Figure 2 Results of partial least squares (PLS) path model analysis with a latent vector (LV) extracted from the Hamilton Depression rating Scale (HAM-D) score, and the total Sheehan and WHO-QoL scores as an “outcome LV” with as explanatory variables: an oxidation LV, extracted from serum AOPP (advanced oxidation protein products) and MDA (malondialdehyde) levels; LV extracted from HDL (high density lipoprotein cholesterol) and CMPAase (paraoxonase 1 activity) (PON-HDL LV); an episodes LV, extracted from number of depressions and total number of episodes; high sensitive C-reactive protein (hsCRP); body mass index (BMI) and sex. Tobacco use disorder (TUD) was used as explanatory variable for outcome LV, high-sensitive C-reactive protein (hsCRP), oxidation LV (not significant) and the PON-HDL LV.
Figure 2

Results of partial least squares (PLS) path model analysis with a latent vector (LV) extracted from the Hamilton Depression rating Scale (HAM-D) score, and the total Sheehan and WHO-QoL scores as an “outcome LV” with as explanatory variables: an oxidation LV, extracted from serum AOPP (advanced oxidation protein products) and MDA (malondialdehyde) levels; LV extracted from HDL (high density lipoprotein cholesterol) and CMPAase (paraoxonase 1 activity) (PON-HDL LV); an episodes LV, extracted from number of depressions and total number of episodes; high sensitive C-reactive protein (hsCRP); body mass index (BMI) and sex. Tobacco use disorder (TUD) was used as explanatory variable for outcome LV, high-sensitive C-reactive protein (hsCRP), oxidation LV (not significant) and the PON-HDL LV.

Effects of ELT-LV on VFT

Figure 3 examines the effects of ELT-LV on VFT considering that severity of illness and staging could affect VFT. There were no significant effects of any of the biomarkers on VFT and therefore these indicators were eliminated from the model. Figure 3 shows a PLS model with VFT as final outcome and severity LV, episodes LV, education and ELT-LV as input variables while adjusting for age and sex. The model quality data were again excellent with SRMR = 0.058, and Cronbach alpha values > 0.843, rho_A > 0.881, composite reliabilities > 0.856 and AVE > 0.553. We found that 20.0% of the variance in VFT was explained by episodes LV, education and sex, while severity LV was not significant. There were specific indirect effects of ELT-LV on VFT, which were mediated by episodes LV (t = -2.55, p = 0.010).

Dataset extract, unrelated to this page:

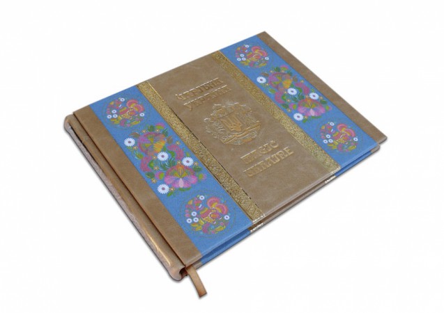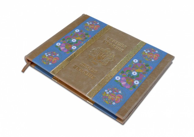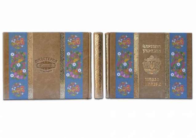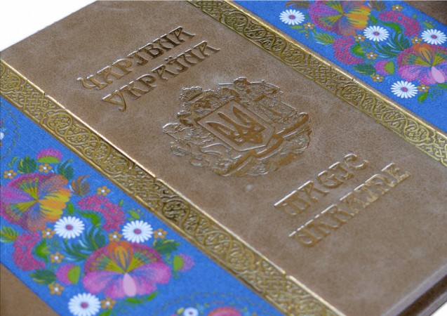 Французька складова палітурка ручної роботи виконана з натуральної шкіри Rabbat parle, виробництва італійської фабрики Carisma. Обкладинка книги дворівнева, прикрашена вставками з полотна, багаторівневим тисненням: глибоким блінтовим та рельєфним золотим, з фольгою «Luxor 240». Обріз вручну полірованих і позолочені сусальним золотом.

Figure 3 Results of partial least squares (PLS) path analysis with verbal fluency test (VFT) as outcome variable and a latent vector (LV) extracted from Hamilton Depression (HAM-D) and Anxiety (HAM-A) Rating Scale scores; episodes LV, extracted from number of depressions and total number of episodes; age; education; sex and a LV extracted from 5 early lifetime trauma (ELT LV) as explanatory variables.
Figure 3

Results of partial least squares (PLS) path analysis with verbal fluency test (VFT) as outcome variable and a latent vector (LV) extracted from Hamilton Depression (HAM-D) and Anxiety (HAM-A) Rating Scale scores; episodes LV, extracted from number of depressions and total number of episodes; age; education; sex and a LV extracted from 5 early lifetime trauma (ELT LV) as explanatory variables.

Discussion

ELT strongly predicts affective phenomenology

The first major finding of this study is that increased ELT-LV scores are highly significantly associated with mood disorders, in particular with BD, and many characteristics of affective phenomenology, including severity of depression and anxiety, staging characteristics including number of mood episodes, suicidal behaviours including number of lifetime suicide attempts and current suicidal ideation, the presence of comorbid anxiety disorders and type of treatments received namely use of mood stabilizers, lithium and antipsychotics. Cross-sectional and longitudinal studies show that ELT and especially multiple ELTs or the accumulation of different traumatic events in childhood are associated with the development of depression later in life [83, 84, 85]. A recent review shows that childhood ELTs and especially multiple ELTs also increase risk for developing BD and more severe phenotypes of BD [64, 86, 87, 88]. Our findings also extent those of previous papers showing that ELT may be associated with increased severity of illness and more suicidal behaviours [55, 56], recurrent episodes [89], and comorbid anxiety disorders [57, 58, 90]. In addition, we found that ELT-LV has a strong impact on lowered income, increased disabilities and a lowered HR-QoL. A prospective study showed that there were only weak connections between ELT and lowered QoL in later life [91], while in BD patients, ELT is accompanied by lowered HR-QoL [92]. Moreover, we found that ELT-LV also affected BMI, but not smoking behaviour. Previously, it was reported that among individuals with psychopathology, ELT may predispose to adult cigarette smoking [93]. Previous research also showed a connection between ELT and increased metabolic burden. For example, in first-episode psychosis patients, those with ELT had higher BMI when compared with healthy controls [94], while ELT is also associated with obesity [95].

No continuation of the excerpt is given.